2 Responses to Burma Business Roundup (Saturday, Jan. 12)

  1. “Although no longer under military rule, Myanmar is far from a proper democratic society” is indeed a very good and right comment. Thein Sein must be ashamed of this comment.

  2. http://www.youtube.com/watch?v=RXkx41uvesA

    DEBT is the WEAPON of ENSLAVEMENT.

    DEBT is the WEAPON of ENSLAVEMENT.

    DEBT is the WEAPON of ENSLAVEMENT.

    Exploitation is the real name of the game.

    And all the Opposition Leaders are selling to the public of Burma along with all major publications.

    Why? Why? Why? Why? Why? Why? Why? Why?Why? Why? Why? Why? Why? Why? Why? Why?Why? Why? Why? Why? Why? Why? Why? Why?Why? Why? Why? Why? Why? Why? Why? Why?Why? Why? Why? Why? Why? Why? Why? Why?Why? Why? Why? Why? Why? Why? Why? Why?

    Is the eminent loss of traditional culture and peaceful, idyllic life desirable? Think!Think!Think!Think!Think!Think!Think!Think!Think!Think!Think!Think!Think!Think!Think!Think!
    Think!Think!Think!Think!Think!Think!Think!Think!Think!Think!Think!Think!Think!Think!Think!Think!

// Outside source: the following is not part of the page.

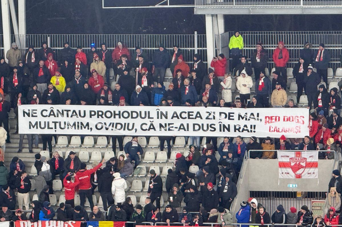 „Ne cântau prohodul în acea zi de mai, mulțumim, Ovidiu, că ne-ai dus în Rai!”, a fost mesajul afișat de suporterii lui Dinamo pentru Ovidiu Burcă, tehncianul care i-a readus pe „câini” în Superligă.

    Look around, learn, think. there are unparalleled opportunities to learn.
    Learn! Learn! Learn!Learn! Learn! Learn!Learn! Learn! learn!Learn! Learn! Learn!Learn! Learn! Learn!Learn! Learn! Learn!Learn! Learn! Learn!Learn! Learn! Learn!Learn! Learn! Learn!Learn! Learn! Learn!Learn! Learn! Learn!Learn! Learn! Learn!

    http://www.youtube.com/watch?v=oMT-1o07NeU

Leave a Reply

Your email address will not be published. Required fields are marked *

 characters available. Comments with external links in the body text will be deleted by moderators.